Che ne sarà delle coppe europee?

Intanto da oltreconfine iniziano a preoccuparsi perché il blocco del calcio italiano – dopo quello francese – sarebbe un bel colpo anche per le competizioni europee, dove il nostro paese è ancora presente con tre squadre in Champions (Juventus, Napoli e Atalanta) e due in Europa League (Inter e Roma). Da dire che pure l’Uefa non è stata in grado di stabilire una linea comune, che è inevitabile per le coppe, ma non solo. Però proprio per questo discorso la sensazione è che, in un modo o nell’altro, la serie A riparta, magari sforando sui tempi imposti dall’Uefa e sui quali la federazione ha già fatto sapere che potrà chiudere un occhio, se non entrambi.

La mutualità

Alla ripresa della serie A guardano con speranza anche le categorie inferiori, non, come si dice, perché potrebbe essere un viatico alla ripresa anche in serie B e in serie C, ma perché dal riavvio del sistema nella sua parte più ricca ricadranno a cascata soldi anche a valle, salvando molti bilanci. Il nodo sarà trovare una soluzione che consenta di dare i nomi di promosse e retrocesse senza che ci siano strascichi legali. E da questo punto di vista il governo ha fornito un bell’assist alle leghe, con una norma ‘ad hoc’ che potrebbe essere inserita nel coiddetto Decreto Rilancio per mettere al riparo le federazioni dai ricordi dei club, affidando tutto, per competenza, al collegio di garanzia del Coni.

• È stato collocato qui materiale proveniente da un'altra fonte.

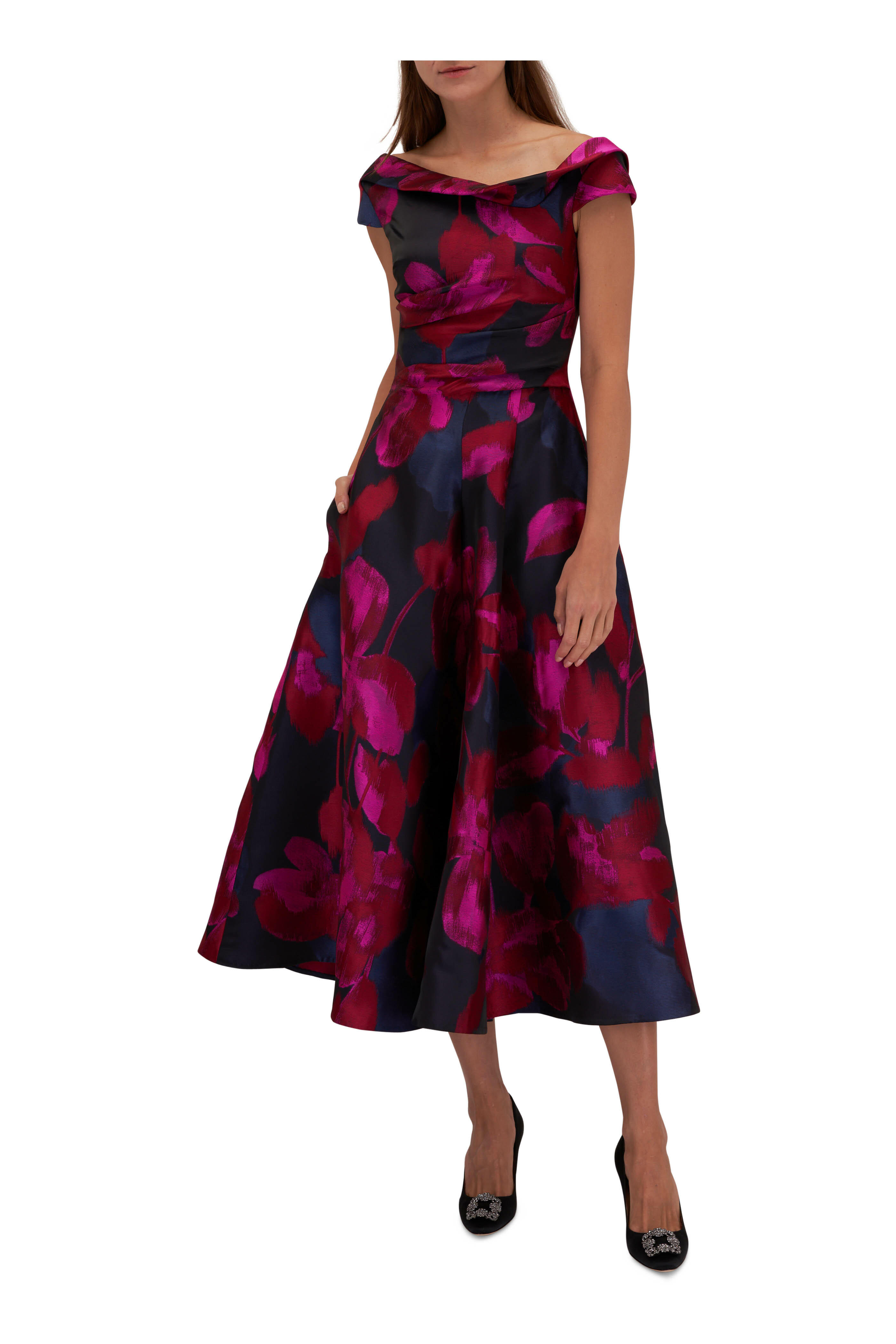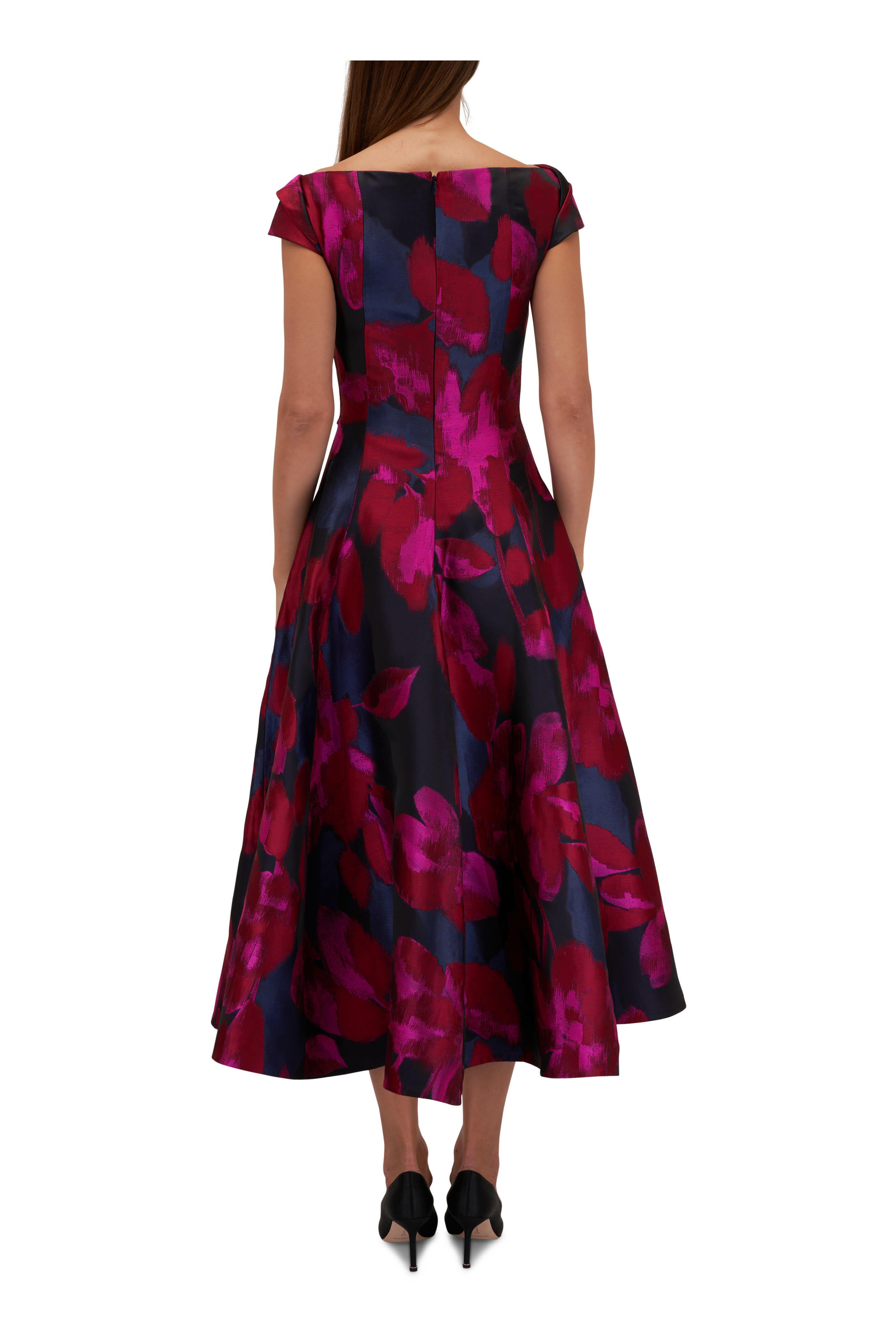 Kobold1 Navy & Red Floral Jacquard Midi Dress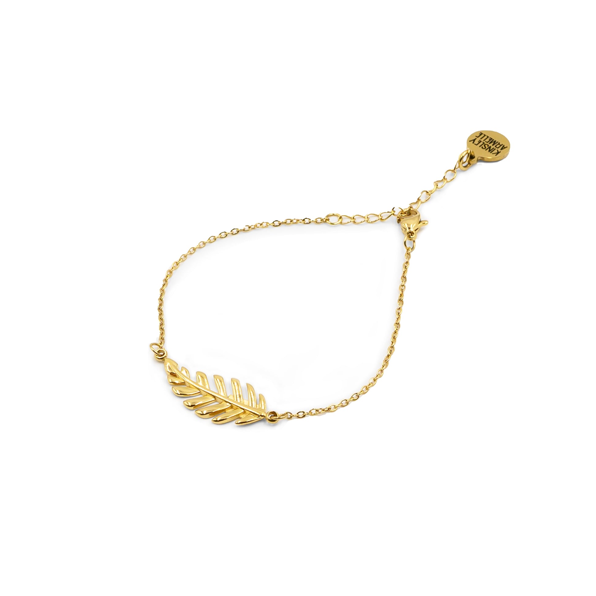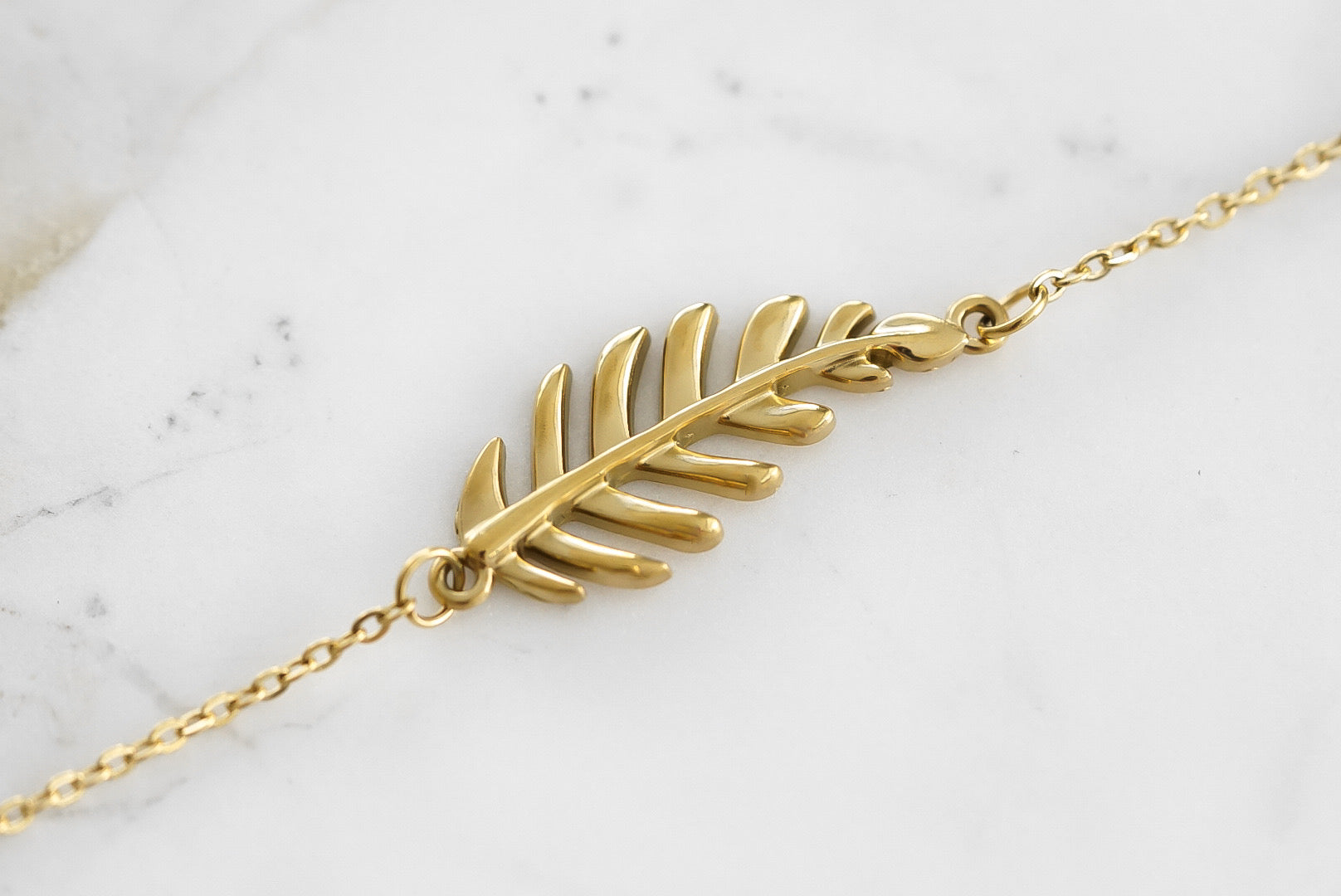 Gold And White Clasp Leaf Feather Hypoallergenic Nickel Free Dainty Adjustable Bracelet. Custom Geometric Shapes Accents And Designed With Love In Texas. Size 7.0 - 8.75 Inch Circumference With Custom Sizing Available On Select Pieces.

Stipendi, accordo (quasi) con tutti

Mentre a Terni l’accordo è stato trovato da tempo, a Gubbio si tratta ancora, con il presidente Notari che ha trovato un discreto muro fra i tesserati, con anche il tecnico Torrente che si è schierato contro il taglio (ma va detto che il monte ingaggi dei rossoblù è assai più basso di quello delle Fere). Situazione interlocutoria, infine, a Perugia. Sul sito ufficiale ormai da tre settimane le uniche news sono quelle per fare gli auguri ai tesserati. I dirigenti non parlano pubblicamente e sui giornali arriva solo qualche spiffero. A quanto si legge, Santopadre ha ottenuto uno ‘sconto’ di un mese e mezzo, ma non da tutti i tesserati. Ce ne sono 4 che non si sono convinti e che, salvo novità, percepiranno tutto. Anche per questo motivo, la società non ha ancora deciso se e quando riprendere gli allenamenti, probabilmente subodorando che la ripresa dei tornei non sarà certo imminente.